Your assignment:
Output the lines from the top of the entries below to the line with "大國工匠們參觀天津展區(qū)的智慧港口綠色港口展臺 韓志忠/攝", both included, exactly and without pictures.

Data for processing section start

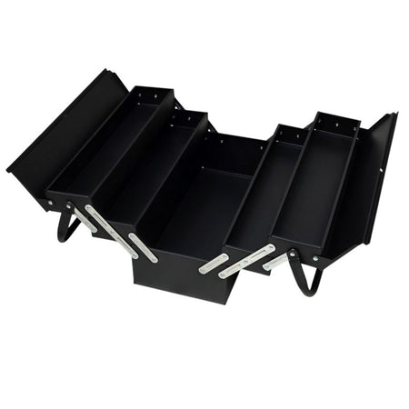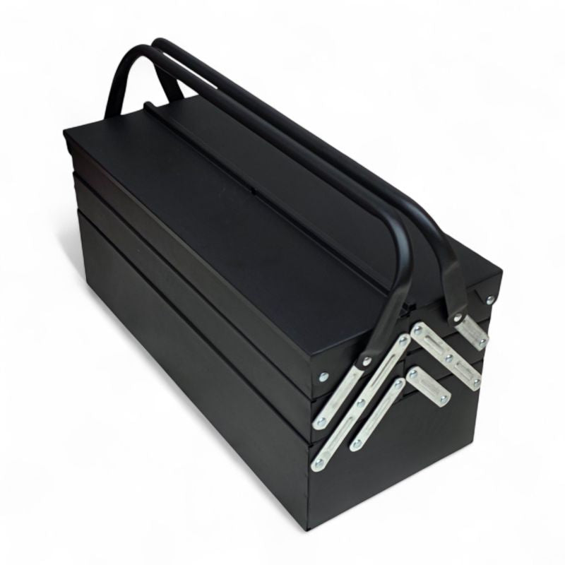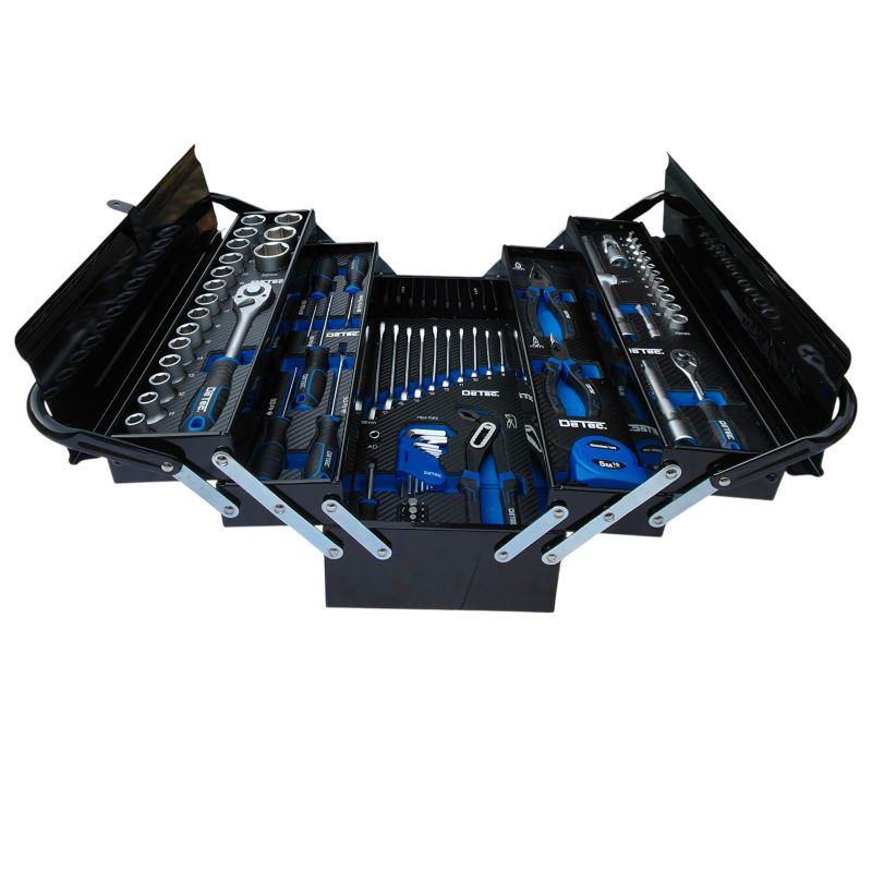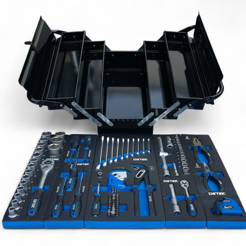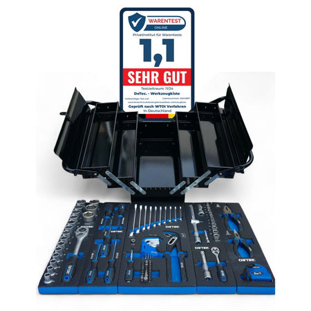Unsere klassische robuste Werkzeugkiste aus Metall mit 96tlg. Werkzeugsortiment ist sowohl für Heimwerker als auch für Profis der ideale Begleiter - egal ob zuhause oder im Beruf. Die aufklappbare Kiste ist mit Qualitätswerkzeug für den täglichen Einsatz bestückt. Selbstverständlich lässt sich die Kiste mit einem handelsüblichem Vorhängeschloss (nicht im Lieferumfang enthalten) abschließen.Daten und Fakten:Abmessungen: Länge 46,5cm x Höhe 21cm x Breite 21cmGewicht: 11,5 KgDie Bestückung finden Sie in der hier aufgeführten Liste:Ratschen 1/2" Zoll und 1/4" Zoll:Feinverzahnte Knarre 1/4" ZollFeinverzahnte Knarre 1/2" Zoll12 Nüsse für 1/4" Zoll 4-4,5-5-5,5-6-7-8-9-10-11-12-13-mm17 Nüsse für 1/2" Zoll 10-11-12-13-14-15-16-17-19-20-21-22-23-24-27-30-32mmVerlängerung 1/4" Zoll - 50 mmVerlängerung 1/4 Zoll x 2"Kardangelenk 1/2" ZollT-Gleitgriff 1/2" ZollDrehgriffSchraubendreher Satz:PH1x75mm PH2x100mm PH3x150mmSL5x75mm 6x100mmMaul-Ringschlüssel Satz: 6mm , 8mm , 9mm , 10mm , 11mm , 12mm , 13mm , 15mm , 17mm , 19mmZangen-Set:KombizangeSpitzzange, geradeRohrzangeInbus Satz im Klappset: 1,5mm , 2mm , 2,5mm , 3mm , 4mm , 5mm , 6mm , 8mm , 10mmZubehör:Maßband 5m2x Bit Set (T8, T9, T10, T15, T20, T25, T30, HW3, HW4, HW5, TT8, TT9, TT10, TT15, TT20, TT25, TT30, SL 4, SL 5.5, SL 7)
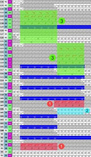 : In diesen Unterverzeichnissen befinden sich die Strickelemente für die entsprechenden Übergänge für Anfang, Rand und Ende eines Bereiches mit der Stricktechnik Multi Gauge.
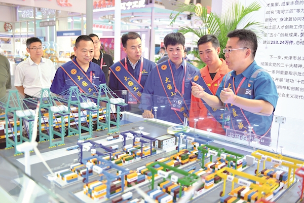 大國工匠們參觀天津展區(qū)的智慧港口綠色港口展臺 韓志忠/攝
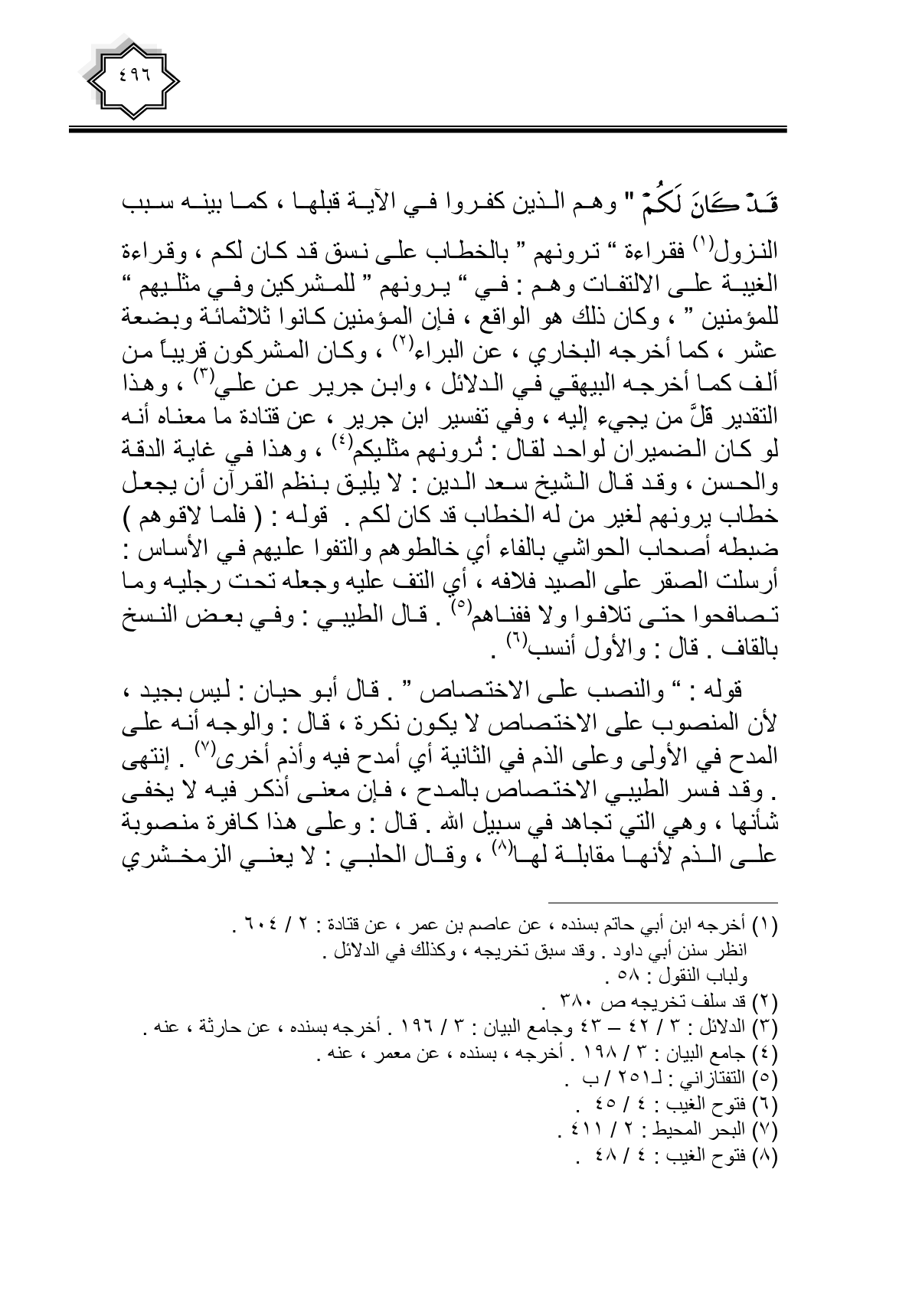 قَدْ كَانَ لَكُمْ} وهم الذين كفروا في الآية قبلها، كما بينه سبب النزول فقراءة " ترونهم " بالخطاب على نسق قد كان لكم، وقراءة الغيبة على الالتفات وهم: في " يرونهم " للمشركين وفي مثليهم " للمؤمنين "، وكان ذلك هو الواقع، فإن المؤمنين كانوا ثلاثمائة وبضعة عشر، كما أخرجه البخاري، عن البراء، وكان المشركون قريبا من ألف كما أخرجه البيهقي في الدلائل، وابن جرير عن علي، وهذا التقدير قل من يجيء إليه، وفي تفسير ابن جرير، عن قتادة ما معناه أنه لو كان الضميران لواحد لقال: ترونهم مثليكم، وهذا في غاية الدقة والحسن، وقد قال الشيخ سعد الدين: لا يليق بنظم القرآن أن يجعل خطاب يرونهم لغير من له الخطاب قد كان لكم. قوله: (فلما لاقوهم) ضبطه أصحاب الحواشي بالفاء أي خالطوهم والتفوا عليهم في الأساس: أرسلت الصقر على الصيد فلافه، أي التف عليه وجعله تحت رجليه وما تصافحوا حتى تلافوا ولا ففناهم. قال الطيبي: وفي بعض النسخ بالقاف. قال: والأول أنسب.
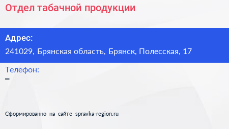 Отдел табачной продукции по адресу 241029, Брянская область, Брянск, Полесская, 17 в дальнейшем Организация, размещена в следующих категориях:
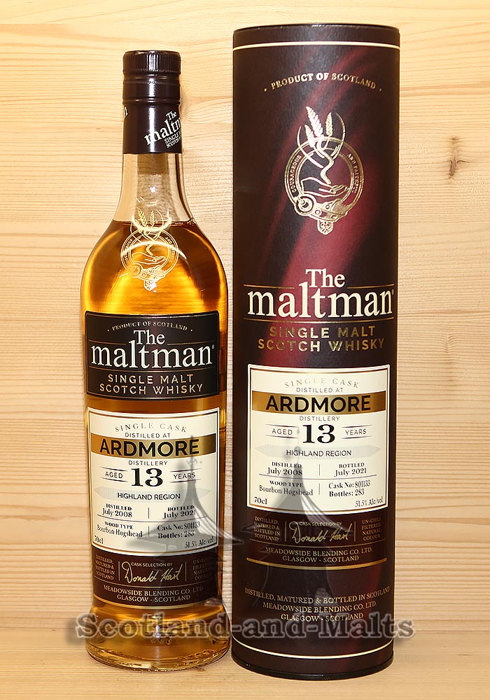 Ardmore 2008 - 13 Jahre Bourbon Hogshead No. 801133 mit 51,5% von The Maltman - single Malt scotch Whisky

Data for processing section end

Result for this exercise:
Unsere klassische robuste Werkzeugkiste aus Metall mit 96tlg. Werkzeugsortiment ist sowohl für Heimwerker als auch für Profis der ideale Begleiter - egal ob zuhause oder im Beruf. Die aufklappbare Kiste ist mit Qualitätswerkzeug für den täglichen Einsatz bestückt. Selbstverständlich lässt sich die Kiste mit einem handelsüblichem Vorhängeschloss (nicht im Lieferumfang enthalten) abschließen.Daten und Fakten:Abmessungen: Länge 46,5cm x Höhe 21cm x Breite 21cmGewicht: 11,5 KgDie Bestückung finden Sie in der hier aufgeführten Liste:Ratschen 1/2" Zoll und 1/4" Zoll:Feinverzahnte Knarre 1/4" ZollFeinverzahnte Knarre 1/2" Zoll12 Nüsse für 1/4" Zoll 4-4,5-5-5,5-6-7-8-9-10-11-12-13-mm17 Nüsse für 1/2" Zoll 10-11-12-13-14-15-16-17-19-20-21-22-23-24-27-30-32mmVerlängerung 1/4" Zoll - 50 mmVerlängerung 1/4 Zoll x 2"Kardangelenk 1/2" ZollT-Gleitgriff 1/2" ZollDrehgriffSchraubendreher Satz:PH1x75mm PH2x100mm PH3x150mmSL5x75mm 6x100mmMaul-Ringschlüssel Satz: 6mm , 8mm , 9mm , 10mm , 11mm , 12mm , 13mm , 15mm , 17mm , 19mmZangen-Set:KombizangeSpitzzange, geradeRohrzangeInbus Satz im Klappset: 1,5mm , 2mm , 2,5mm , 3mm , 4mm , 5mm , 6mm , 8mm , 10mmZubehör:Maßband 5m2x Bit Set (T8, T9, T10, T15, T20, T25, T30, HW3, HW4, HW5, TT8, TT9, TT10, TT15, TT20, TT25, TT30, SL 4, SL 5.5, SL 7)
 : In diesen Unterverzeichnissen befinden sich die Strickelemente für die entsprechenden Übergänge für Anfang, Rand und Ende eines Bereiches mit der Stricktechnik Multi Gauge.
 大國工匠們參觀天津展區(qū)的智慧港口綠色港口展臺 韓志忠/攝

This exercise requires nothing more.